Marie Sklodowska Curie
Marie Sklodowska Curie
The Polish-born French physicist Marie Sklodowska Curie (1867-1934) pioneered radioactive research by her part in the discovery of radium and polonium and in the determination of their chemical properties.
Marie Curie was born in Warsaw on Nov. 7, 1867, the youngest of the five children of Wladislaw and Bronislava Boguska Sklodowska. Marie was a brilliant student, gaining a gold medal upon completing her secondary education in 1883. As girls could not attend universities in Russian-dominated Poland, Marie at her father's suggestion spent a year in the country with friends. On returning to her father's house in Warsaw the next summer, she had to begin to earn her living through private tutoring, and she also became associated with the "Floating University," a group of young men and women who tried to quench their thirst for knowledge in semiclandestine sessions. In early 1886 she accepted a job as governess with a family living in Szczuki, but the intellectual loneliness she experienced there only stiffened her determination to achieve somehow her dream to become a university student. One of her sisters, Bronya, was already in Paris, successfully passing the examinations in medicine. In March 1890 she offered hospitality to Marie whose acceptance was a foregone conclusion, but it was not until September 1891 that she could leave for Paris.

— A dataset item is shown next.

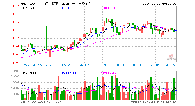 9月16日,红利ETF汇添富(560020)开盘涨0.63%,报1.122元。红利ETF汇添富(560020)重仓股方面,中远海控开盘涨0.00%,冀中能源涨0.84%,宁波华翔涨0.96%,中信银行跌0.26%,成都银行涨0.44%,海澜之家涨0.00%,兴业银行涨0.05%,大秦铁路涨0.00%,江苏银行跌0.29%,交通银行跌0.28%。
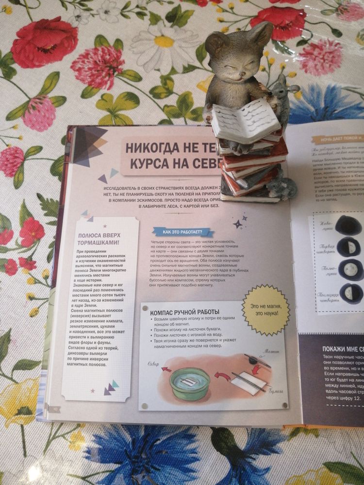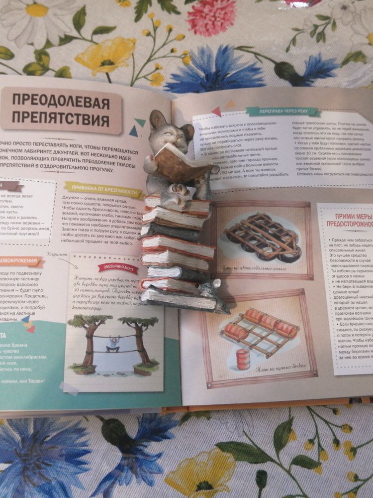шалаш, распознавать следы животных, разжигать костёр, чинить велосипед, грести на плоту, читать карту, материть лук и стрелы, делать водяные бомбы и т. д. Хотела отложить до школы, 7+,но сын увидел и попросил почитать. Масса информации, читается легко, бумага толстая, иллюстрации приятные для глаз, в пастельных тонах. Содержание разбито на разделы:Дома, в горах, в лесу, на море, в джунглях, за городом, в городе. Есть оригами, морской бой, карточные игры, первая помощь..... Всем советую!!!! Текст мелковат, но компенсируется обилием информации по каждому вопросу!

When classes began at the Sorbonne in Paris in early November 1891, she enrolled as a student of physics. By 1894 she was desperately looking for a laboratory where she could work on her research project, the measurement of the magnetic properties of various steel alloys, and it was suggested that she see Pierre Curie at the School of Physics and Chemistry of the University of Paris. Their first meeting was movingly recorded in the future Madame Curie's recollections: "He seemed very young to me although he was then age thirty-five. I was struck by the expression of his clear gaze and by a slight appearance of carelessness in his lofty stature. His rather slow, reflective words, his simplicity, and his smile, at once grave and young, inspired confidence. A conversation began between us and became friendly; its object was some questions of science upon which I was happy to ask his opinion."
Although she was insistent from the very start that she would go back to Poland in half a year to assist her subjugated country in whatever way she could, Pierre Curie was most intent to see her more and more often. The result was that she returned to Paris in October 1894 after spending the summer months in Poland. The next summer witnessed their wedding and the beginning of a most extraordinary partnership in scientific work. By mid-1897 Curie could list as her scientific achievements two university degrees, a fellowship, and a monograph on the magnetization of tempered steel. Their first daughter, lrène, had just been born, and it was in that euphoric atmosphere that the Curies' attention turned to the mysterious radiation from uranium recently discovered by Antoine Henri Becquerel. It was Curie's hunch that the radiation was an atomic property and therefore had to be present in some other elements as well. Her search soon established the fact of a similar radiation from thorium, and the historic word "radioactivity" was coined by her.
While searching for other sources of radioactivity, the Curies had before long to turn their attention to pitchblende, a mineral well known for its uranium content. To their immense surprise the radioactivity of pitchblende far exceeded the combined radioactivity of the uranium and thorium contained in it. From their laboratory two papers reached the Academy of Sciences within 6 months. The first, read at the meeting of July 18, 1898, announced the discovery of a new radioactive element, which the Curies named polonium after Curie's native country. The other paper, announcing the discovery of radium, was read at the December 26 meeting.
To substantiate the existence of the new elements and to establish their properties, the Curies had to have sufficiently large quantities. Fortunately, the Austrian government was willing to give the Curies a ton of pitchblende, but to process it a laboratory was needed. After long search, the Curies had to settle for a shed occupying part of a courtyard in the School of Physics and Chemistry. From 1898 to 1902 the Curies processed several tons of pitchblende, but it was not only the extremely precious centigrams of radium that rewarded their superhuman labors. The Curies also published, jointly or separately, during those years a total of 32 scientific papers. Among them was the one which announced that diseased, tumor-forming cells were destroyed faster than healthy cells when exposed to radium.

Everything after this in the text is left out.